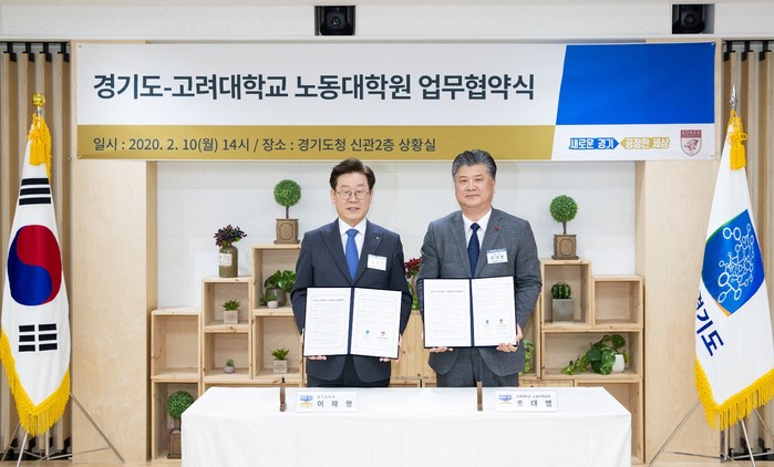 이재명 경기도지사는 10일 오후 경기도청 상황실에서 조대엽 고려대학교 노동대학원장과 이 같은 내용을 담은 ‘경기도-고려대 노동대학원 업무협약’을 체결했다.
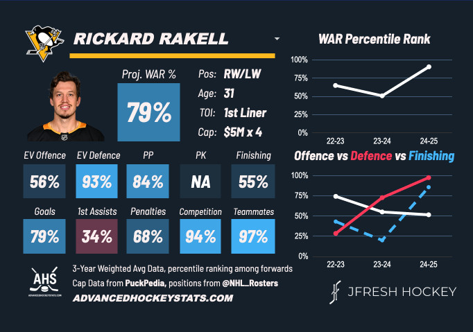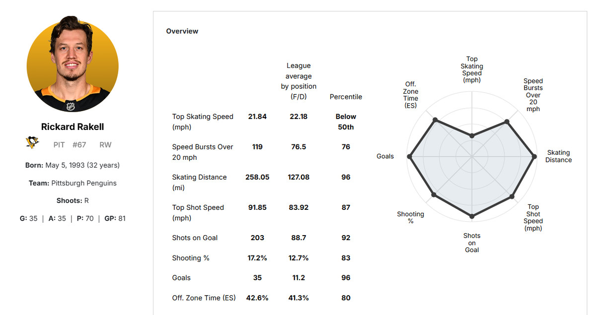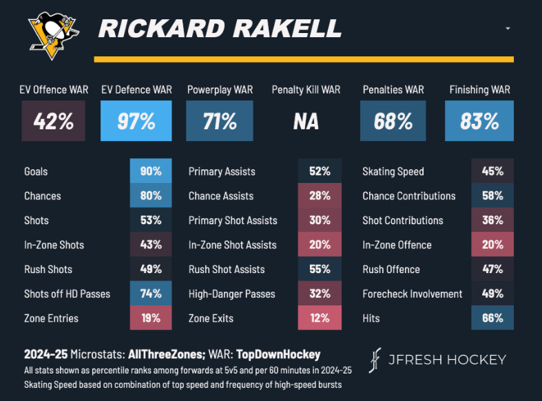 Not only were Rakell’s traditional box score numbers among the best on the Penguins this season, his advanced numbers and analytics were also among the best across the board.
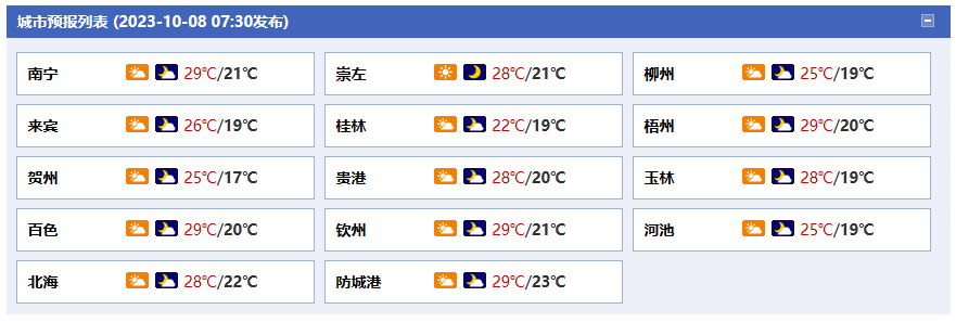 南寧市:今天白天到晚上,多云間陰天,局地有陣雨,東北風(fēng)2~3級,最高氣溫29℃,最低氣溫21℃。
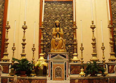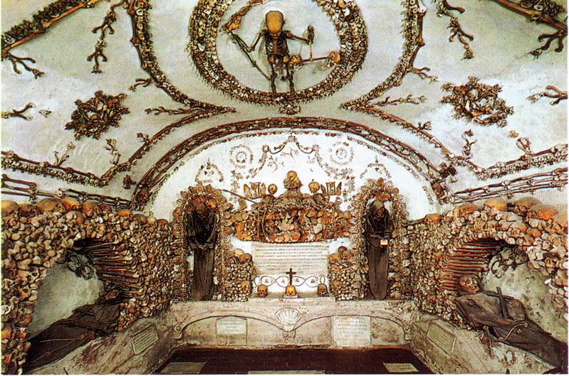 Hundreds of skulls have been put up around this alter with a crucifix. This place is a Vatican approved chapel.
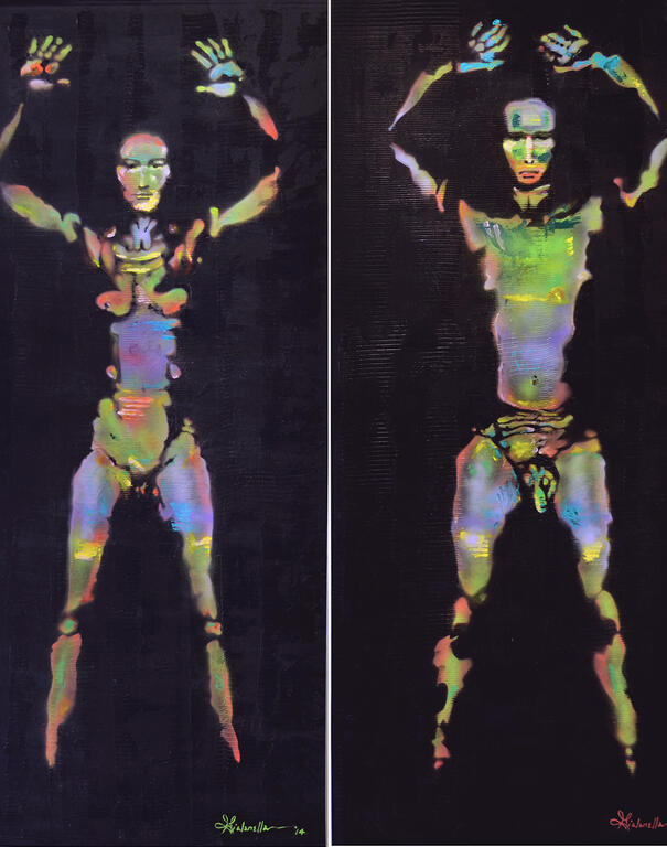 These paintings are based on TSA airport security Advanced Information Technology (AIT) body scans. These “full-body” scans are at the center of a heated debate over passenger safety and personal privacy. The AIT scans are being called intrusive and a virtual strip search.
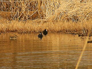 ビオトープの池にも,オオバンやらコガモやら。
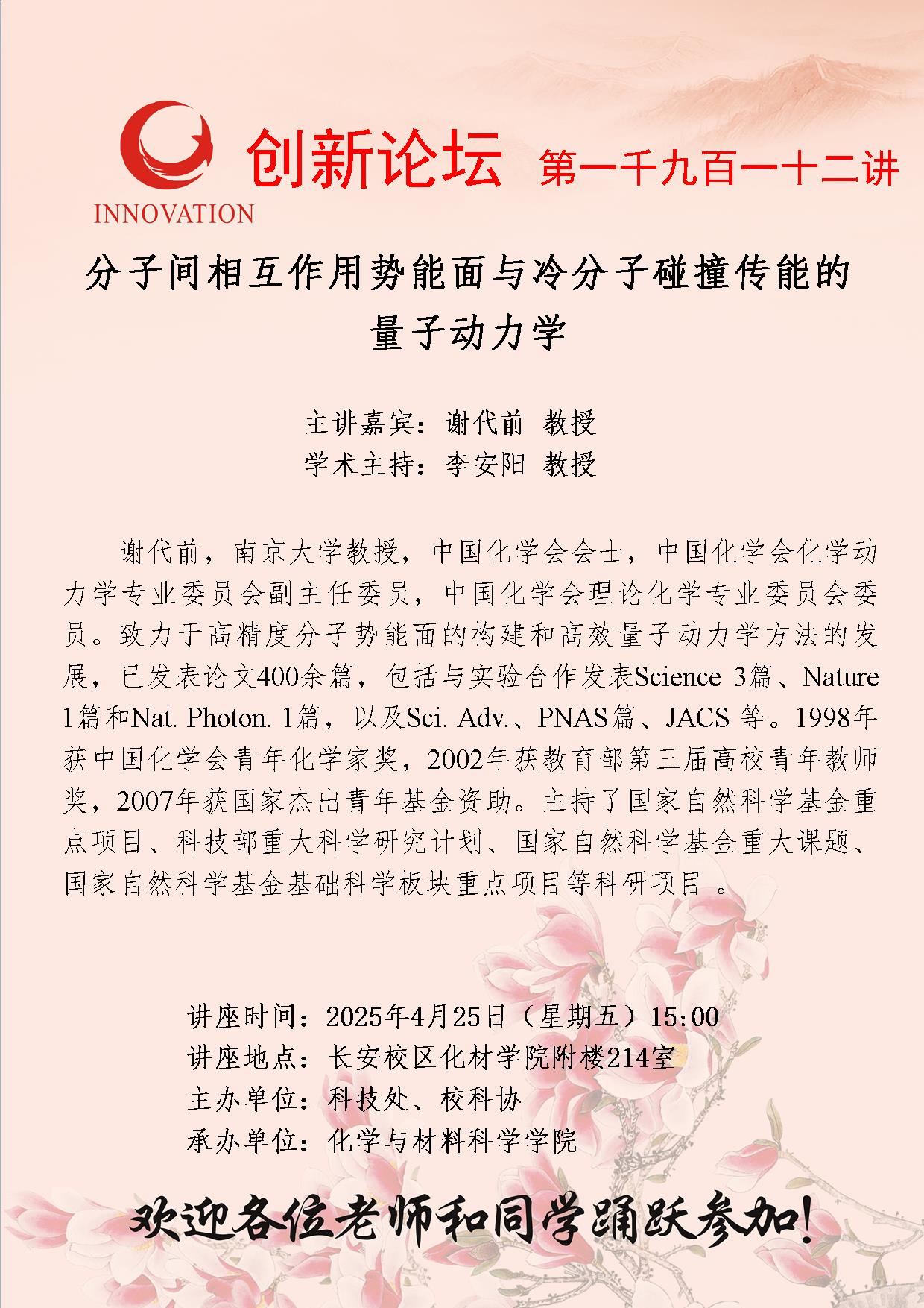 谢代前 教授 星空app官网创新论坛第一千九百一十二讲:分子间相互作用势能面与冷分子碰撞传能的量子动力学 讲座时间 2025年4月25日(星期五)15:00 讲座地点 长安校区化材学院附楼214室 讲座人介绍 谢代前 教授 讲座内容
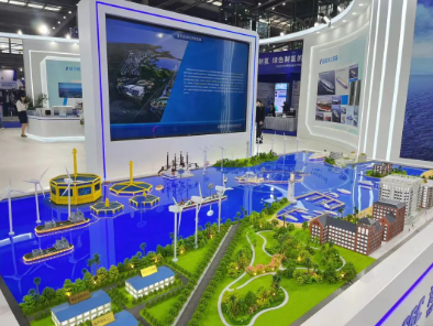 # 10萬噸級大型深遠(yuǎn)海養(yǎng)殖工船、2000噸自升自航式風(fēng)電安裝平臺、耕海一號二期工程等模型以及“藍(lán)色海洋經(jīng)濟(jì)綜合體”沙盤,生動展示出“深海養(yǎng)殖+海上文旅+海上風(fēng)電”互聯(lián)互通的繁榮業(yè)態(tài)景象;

WHAT IS REQUIRED ->
A clean copy is needed of the lines above from the one with "Hundreds of skulls" up to and including the one with "谢代前 教授 星空app官网创新论坛第一千九百一十二讲:分子间相互作用势能面与冷分子碰撞传能的量子动力学". Please set it down exactly, with no pictures.

ANSWER SPACE ->
 Hundreds of skulls have been put up around this alter with a crucifix. This place is a Vatican approved chapel.
 These paintings are based on TSA airport security Advanced Information Technology (AIT) body scans. These “full-body” scans are at the center of a heated debate over passenger safety and personal privacy. The AIT scans are being called intrusive and a virtual strip search.
 ビオトープの池にも,オオバンやらコガモやら。
 谢代前 教授 星空app官网创新论坛第一千九百一十二讲:分子间相互作用势能面与冷分子碰撞传能的量子动力学 讲座时间 2025年4月25日(星期五)15:00 讲座地点 长安校区化材学院附楼214室 讲座人介绍 谢代前 教授 讲座内容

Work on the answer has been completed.